One particularly “complex reason” apparently being a victim of unprecedented tragedy, with Grenfell survivors currently forced to use them in spite of the – genuinely rather uplifting – fact that £20m has been raised by the public in aid. Eligibility for food banks must be signed off either by doctors, social workers or dole officers.
Jeremy Corbyn has repeatedly denounced the increase in the use of food banks as a “shameful” symbol of poverty under the Tories.
Consequences of ideological-driven austerity also coincided with the introduction of supermarket self-service tills, which has seen astronomical increases in cases of shoplifting – with the ease of theft combined with the financial pressures suffered by many held up as a convincing factor contributing to the rise.

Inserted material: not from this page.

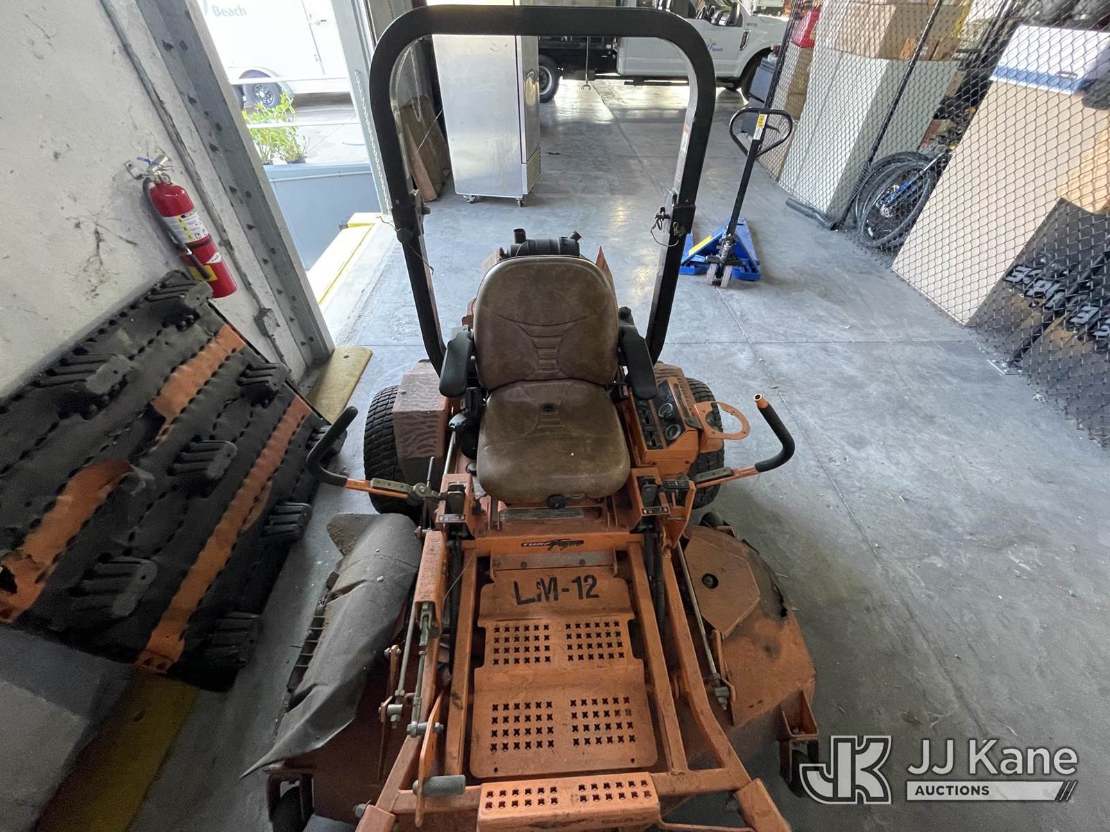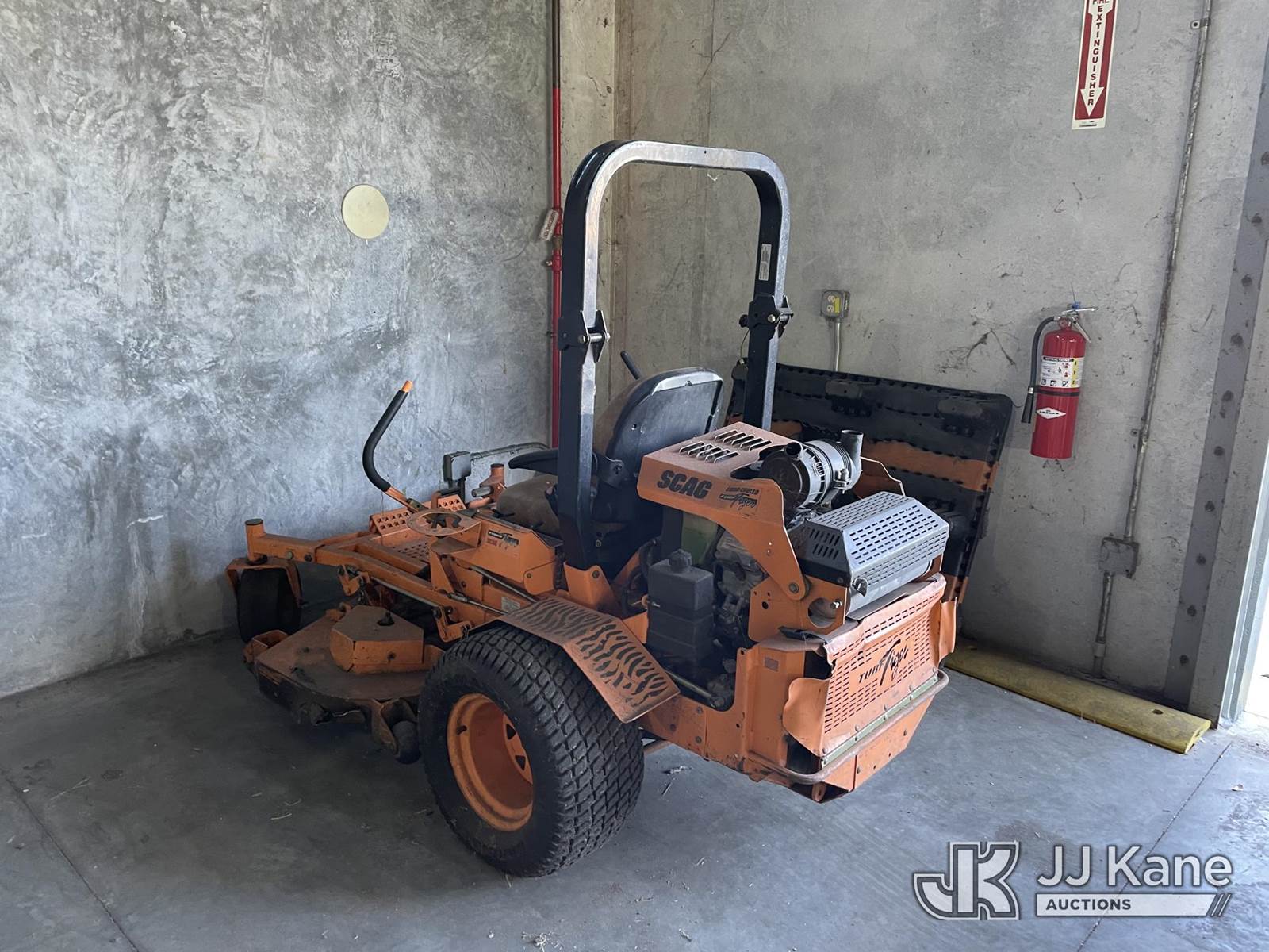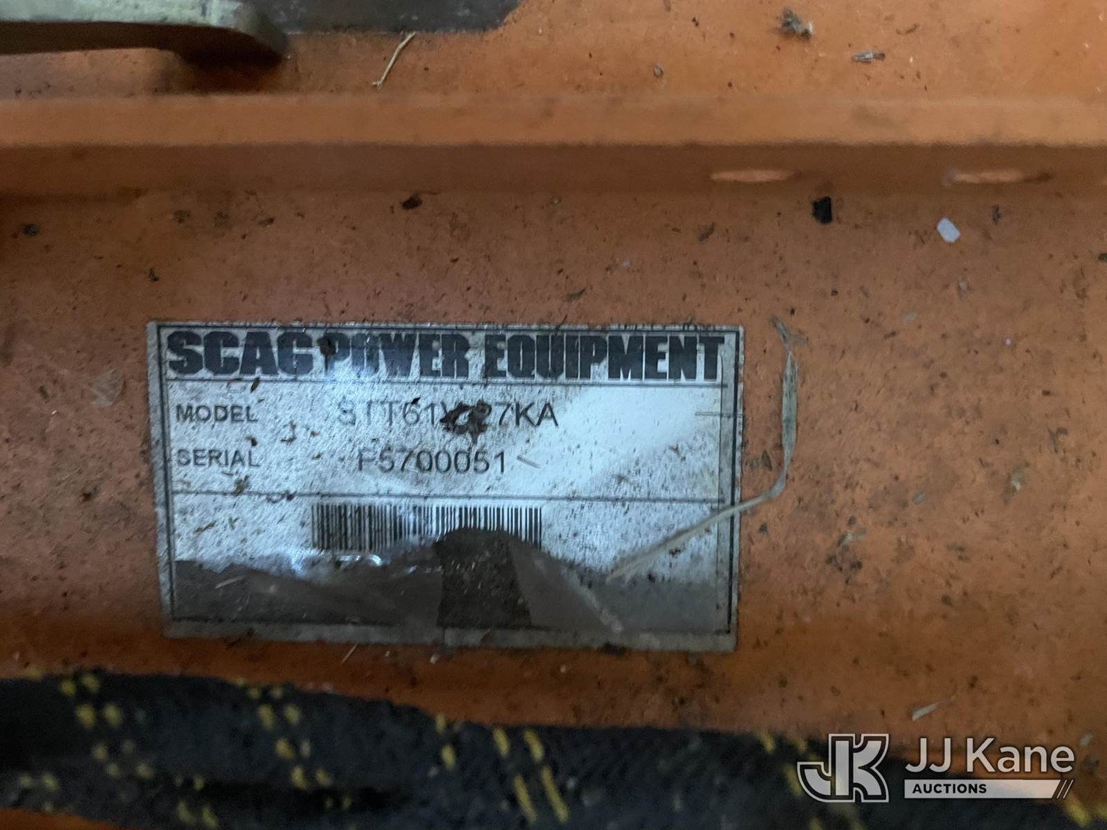 Scag 61" s/n F5700051, Kawasaki gas, (Runs & Moves) (Deck Damaged, HR Meter Not Working, Jump To Start, Gas Has Been Removed) NOTE: This unit is being sold AS IS/WHERE IS via Timed Auction and is located in Riviera Beach, FL. For pre-sale questions or to schedule an inspection, please call Gregg Martini @ 561-519-5775. Removals require 24-hr Notice by Appointment Only, Buyer/Hauler must present copy of Paid-in-Full JJ Kane Release Form upon arrival. Purchaser acknowledges ALL lots must be removed within 10 business days of Auction, or a towing & storage fee may be incurred. (Buyer is responsible for removal. Assistance by consignor or JJ Kane Auctioneers is not assured.)

The rise in food bank use and the silencing of information to control the masses are typical of the Tory’s deluded sense of superiority. It is a painfully-fragile, illusory identity built on the brutality in their shameless bullying of the working classes; and their smug glee in having successfully hoodwinked the middle classes into endorsing them. They are acutely aware that their grotesque financial wealth is unjust and an undeserved privilege. These are expensively-educated people, after all. Their refusal to compromise at all regarding their inordinate financial wealth is mere cowardice; total terror at losing their highfalutin status. They revel in gluttony as the rest of us resort to food banks. They are conscious about the state of affairs. And this consciousness makes their behaviour inhumane.
In 1906, Lord Cameron of Dillington claimed it would take a mere three days of meals missed by hungry children and distraught parents for the country to descend into riots, describing Britain as just “nine meals from anarchy”.
With the current government’s Victorian attitude towards poverty, misappropriation of funds and Orwellian stance on people’s right to information, three days seems somewhat optimistic.